Сысоев искоса глянул на своего друга: что это, дескать, с ним, из-за чего он вдруг взбеленился, ведь не родственница же она, эта красотка, ему в самом деле, чтобы сразу, вот так, с полуоборота завестись, какая это муха его вдруг укусила? А тот, чуть помолчав, — они уже подходили к стоянке самолетов, на которой, как муравьи, копошились техники и мотористы, взад и вперед сновали водо- и маслозаправщики, — вдруг произнес с чувством, как если бы Сысоева рядом с ним вовсе не было:

— А что хороша она, так уж действительно хороша! Прямо королева! Королева карельских лесов! Жизнь за такую отдать не жалко!

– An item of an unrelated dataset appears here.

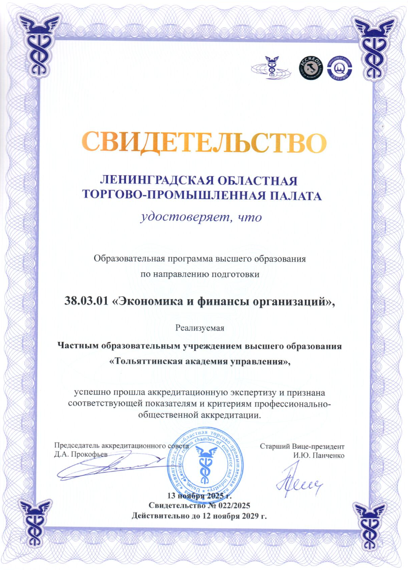 Три образовательные программы Тольяттинской академии управления успешно прошли профессионально-общественную аккредитацию (ПОА). Свидетельства были выданы двум программам бакалавриата — «Экономика и финансы организаций» и «Бизнес-аналитика в управленческой деятельности», а также магистерской программе «Управление проектом». Что такое ПОА? Важно отметить: речь идёт не о государственной аккредитации, которая удостоверяет соответствие программ федеральным государственным образовательным стандартам. Все программы ТАУ уже прошли её и полностью соответствуют требованиям российского законодательства в сфере образования. Профессионально-общественная аккредитация — это независимая оценка качества подготовки студентов, проводимая профессиональными сообществами, ассоциациями и объединениями. Это знак того, что образовательные программы ориентированы на практику, востребованы в регионе и соответствуют актуальным задачам экономики и бизнеса. Кто проводил оценку? Процедуру ПОА осуществила Ленинградс

Кириллу Левашову шел двадцать второй год, к тому же парень он был восторженный, и поэтому мог несколько преувеличить достоинства случайно увиденной им незнакомки, тем более, что и времени на ее разглядывание у него было ничтожно мало, меньше, пожалуй, чем бывает над целью, когда в считанные секунды надо ввести самолет в пикирование, прицелиться и сбросить бомбы, и все же в главном он, видимо, не ошибся: она и в самом деле не походила на тех представительниц прекрасного пола, каких он до этого знал и повседневно видел на аэродроме, хотя среди них были не только хорошенькие, но и безусловно красивые. А вот чем не походила, чем отличалась, точно сказать, хоть убей, не мог, а только чувствовал, что это так. Может, своим необычным одеянием, — одни туфли на высоких каблуках чего стоили! — а может, и походкой. Ведь в стираной-перестиранной гимнастерке и кирзачах с безобразно широкими голенищами, в каких изо дня в день щеголяли на аэродроме местные красавицы, об изящной или хотя бы уж мало-мальски приличной походке и думать было нечего, а эта прошла так, что дух захватило — величественно и в то же время легко и непринужденно, словно ромашки собирала на зеленом лугу. Такую походку не часто встретишь, недаром ее на Руси испокон веку величавой называют, природой-матушкой она редко кому дается, а этой вот — полной горстью. Да и осанка у нее — тоже дай бог, одна на миллион, истинно королевская. А вот лица ее он толком разобрать не смог, как ни пытался. Ему показалось только, что оно у нее было как бы до глянца заласканное ветром и со светящимися ресницами, и ресницы эти на ветру шевелились, и это было так интересно и вчуже удивительно, что он, еще ни разу не услышав ее голоса, только каким-то чудом заметив мельком легкое движение ее губ, готов был поклясться, что у нее и голос, если бы она вдруг заговорила, тоже оказался бы необыкновенным — сочным и напевно-мягким, как, наверное, речной перекат или песня мотора в предзакатный час на большой высоте.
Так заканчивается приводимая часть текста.